Eldorado tests prospects in western Turkey

Preliminary drilling in the Biga peninsula of western Turkey has returned mixed results for Eldorado Gold (ELD-T).

The reverse-circulation (RC) program focused on two showings, Keditasi and Yatiktas. A third, Subeylidere, is now being tested.

At Keditasi, 748 metres were sunk in a northeasterly trending siliceous ridge in which a high-sulphidation surface target some 600 metres long by 150 metres wide has been identified. No significant results were obtained from the eastern end, but one of the three holes sunk in the western end intersected a flat-lying silica structure carrying 1.37 grams per tonne over 6 metres of a 16-metre intercept that averaged 0.73 gram.

Gold mineralization is associated with vuggy quartz and advanced argillic alteration. None of the RC holes penetrated the vuggy zone proper, so three core holes are planned for early 2004. The holes also will test mineralization to the north, beyond the surface anomaly.

The Yatikas showing is an epithermal vein system that extends for 1,200 metres along the contact of a basement schist and a granitic dyke. Drilling tested 700 metres of the system’s strike length, with seven of the eight holes sunk pulling up an average of 10 metres of vein material, as well as 2-15 metres of surrounding but lower-grading stockworks.

Results include 7.3 grams over 4 metres at the footwall contact. The average grade over the full width of the main vein was 1.5 grams, which drops to 1.17 grams when the stockwork system is included.

So far, one of the five holes planned for the Subeylidere target has been completed. The hole yielded 6.8 grams over 1 metre of quartz veining, starting 6 metres below surface.

The Subeylider prospect is hosted by volcanoclastic rocks in andesitic flows. At surface, gold mineralization is associated with chalcedonic and quartz-vein structures; a second target characterized by stockworking lies along strike, beneath a zone of opaline silica flooding.

Eldorado also is exploring seven recently acquired permits and has relinquished an option on the KS prospect in central Turkey. The new properties include epithermal-vein and porphyry targets, and the KS prospect is part of a larger joint venture with a private company.

Meanwhile, Eldorado has obtained the Turkish government’s approval for its water, effluent and medical treatment plans at the proposed Kisladag open-pit mine. The company still requires operating and construction permits before it can proceed with development.

In August, Eldorado tabled a revised operating plan that called for a doubling of production capacity in the first year of operations and the assumption of mining in the third year.
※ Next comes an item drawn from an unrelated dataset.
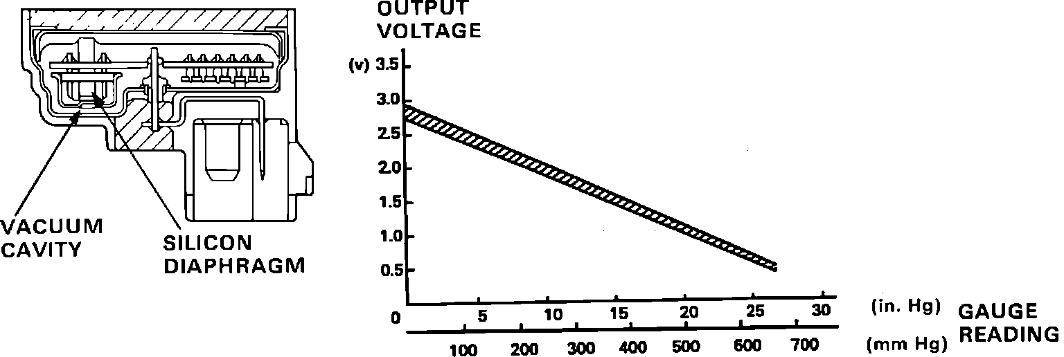 The ECM supplies a 5 volt signal and a ground to the sensor. Changes in the pressure differential between the sealed cavity and the atmosphere cause the silicon to flex. The flexing of the silicon generates a small voltage which is amplified by the support circuitry and used to modify the fixed 5 volt signal supplied by the ECM. The modified signal is then returned to ECM.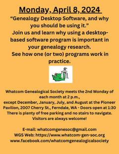 2pm on Monday, April 8th at the Ferndale Pioneer Pavillion Community Center.

Under a previous plan, the plant was to have been expanded in the fifth year of operation, when contract mining had been scheduled to end.

The ultimate volume of ore to be pushed through the plant remains unchanged, though mining now lasts 12 years instead of 14. Hence annual production rates are higher: a total of 155,000 oz. will be produced in the first year and an average of 246,000 oz. in each year thereafter.

Life-of-mine cash costs ring in at US$149 per oz. and total production costs at US$201 per oz. Both are better than original projections.

At last report, Kisladag hosted 135 million tonnes of reserves grading 1.16 grams gold per tonne. The estimate is based on a cutoff grade of 0.35 gram for oxides and 0.5 grams for primary material, plus a gold price of US$325 per oz.

In all, Kisladag hosts 214.8 million tonnes of measured and indicated resources averaging 1.04 grams gold. Another 45.5 million tonnes at 0.75 gram are classified as inferred.

The resource estimates are based on a cutoff grade of 0.4 gram.